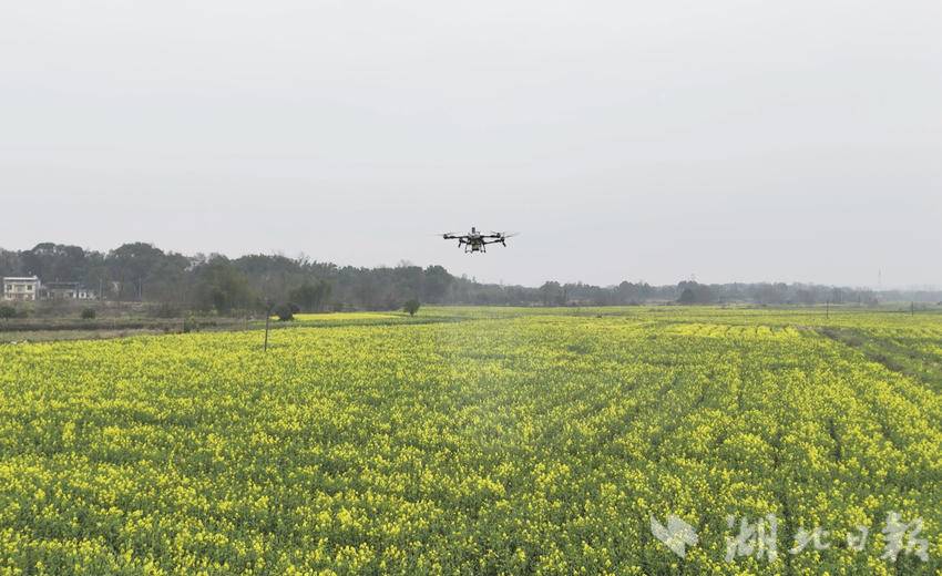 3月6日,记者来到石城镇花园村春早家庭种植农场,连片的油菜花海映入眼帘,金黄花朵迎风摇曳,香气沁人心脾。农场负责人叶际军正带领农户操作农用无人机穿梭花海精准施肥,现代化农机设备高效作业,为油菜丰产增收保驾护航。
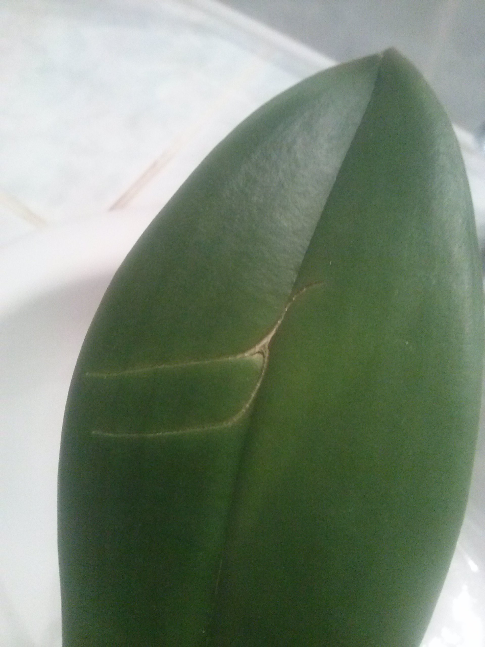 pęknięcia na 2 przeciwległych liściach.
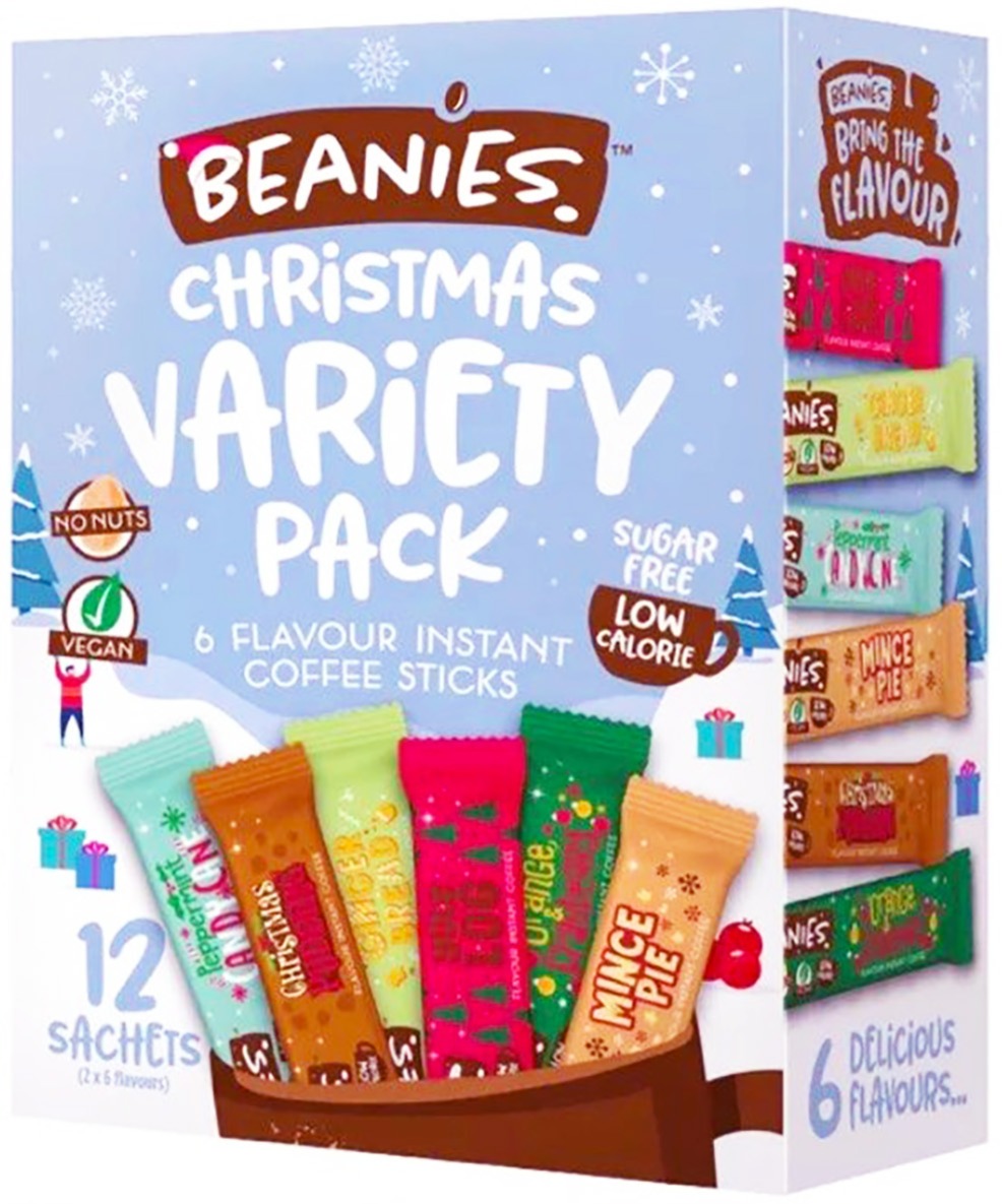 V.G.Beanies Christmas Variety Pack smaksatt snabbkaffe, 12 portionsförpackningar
----
Your task: With the pictures omitted, the material is to be transcribed exactly.

Answer to the exercise:
 3月6日,记者来到石城镇花园村春早家庭种植农场,连片的油菜花海映入眼帘,金黄花朵迎风摇曳,香气沁人心脾。农场负责人叶际军正带领农户操作农用无人机穿梭花海精准施肥,现代化农机设备高效作业,为油菜丰产增收保驾护航。
 pęknięcia na 2 przeciwległych liściach.
 V.G.Beanies Christmas Variety Pack smaksatt snabbkaffe, 12 portionsförpackningar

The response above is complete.